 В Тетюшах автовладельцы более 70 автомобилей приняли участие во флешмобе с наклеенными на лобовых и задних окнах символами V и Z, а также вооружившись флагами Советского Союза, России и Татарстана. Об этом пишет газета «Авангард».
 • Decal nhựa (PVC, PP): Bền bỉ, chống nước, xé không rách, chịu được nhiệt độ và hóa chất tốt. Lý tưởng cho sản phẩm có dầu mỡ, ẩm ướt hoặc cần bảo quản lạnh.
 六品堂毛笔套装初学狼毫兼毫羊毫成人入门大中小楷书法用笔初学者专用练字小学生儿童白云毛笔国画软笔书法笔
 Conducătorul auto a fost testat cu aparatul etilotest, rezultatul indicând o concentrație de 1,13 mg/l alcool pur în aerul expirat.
--
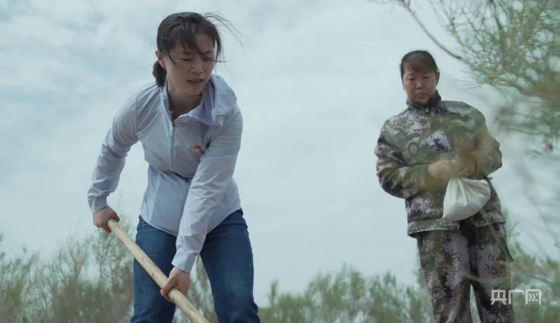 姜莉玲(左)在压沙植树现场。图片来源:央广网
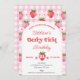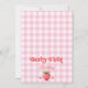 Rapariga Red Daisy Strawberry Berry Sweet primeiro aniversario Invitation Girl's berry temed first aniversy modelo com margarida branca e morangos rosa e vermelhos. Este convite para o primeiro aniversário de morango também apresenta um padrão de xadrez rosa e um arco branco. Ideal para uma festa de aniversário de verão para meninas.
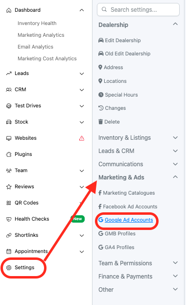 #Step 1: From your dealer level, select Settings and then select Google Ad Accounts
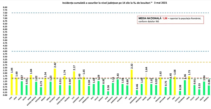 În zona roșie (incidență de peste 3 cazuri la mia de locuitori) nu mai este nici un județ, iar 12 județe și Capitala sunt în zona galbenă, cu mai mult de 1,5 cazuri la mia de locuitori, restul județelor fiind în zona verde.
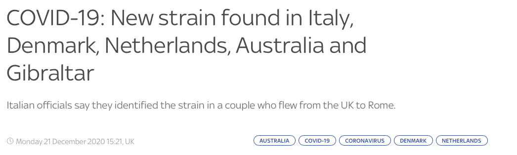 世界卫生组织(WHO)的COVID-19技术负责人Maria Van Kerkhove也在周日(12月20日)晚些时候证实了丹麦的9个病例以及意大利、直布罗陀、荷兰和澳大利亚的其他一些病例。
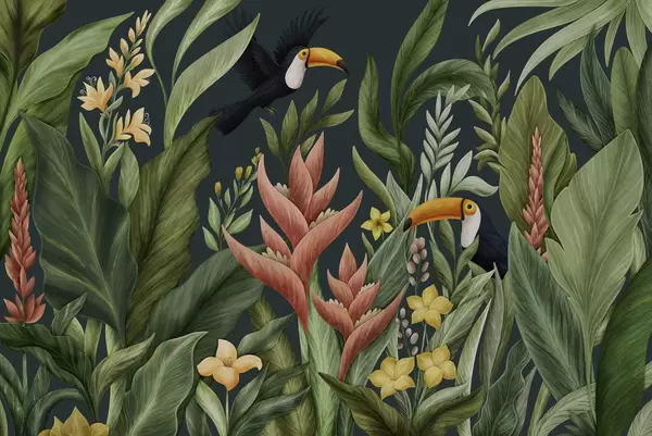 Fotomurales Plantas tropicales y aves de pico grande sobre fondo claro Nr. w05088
--
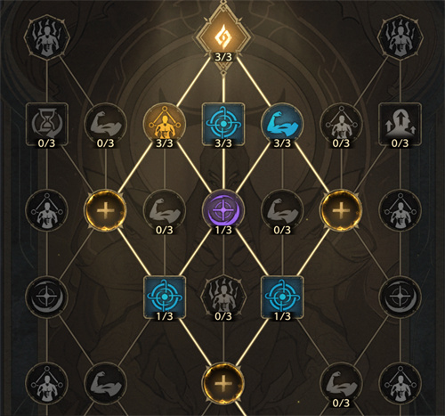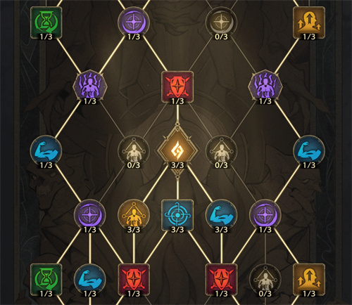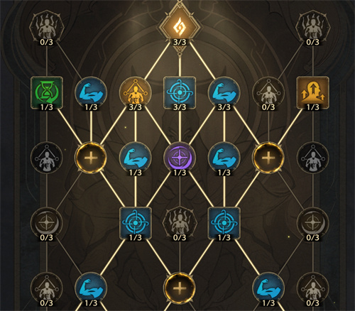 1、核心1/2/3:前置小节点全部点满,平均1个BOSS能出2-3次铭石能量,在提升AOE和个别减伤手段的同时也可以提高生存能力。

→ **What the task asks**
Copy exactly the stretch of data above from the line with "В Тетюшах автовладельцы" through the line with "Conducătorul auto a", and omit all other lines.

→ **Output for this exercise**
 В Тетюшах автовладельцы более 70 автомобилей приняли участие во флешмобе с наклеенными на лобовых и задних окнах символами V и Z, а также вооружившись флагами Советского Союза, России и Татарстана. Об этом пишет газета «Авангард».
 • Decal nhựa (PVC, PP): Bền bỉ, chống nước, xé không rách, chịu được nhiệt độ và hóa chất tốt. Lý tưởng cho sản phẩm có dầu mỡ, ẩm ướt hoặc cần bảo quản lạnh.
 六品堂毛笔套装初学狼毫兼毫羊毫成人入门大中小楷书法用笔初学者专用练字小学生儿童白云毛笔国画软笔书法笔
 Conducătorul auto a fost testat cu aparatul etilotest, rezultatul indicând o concentrație de 1,13 mg/l alcool pur în aerul expirat.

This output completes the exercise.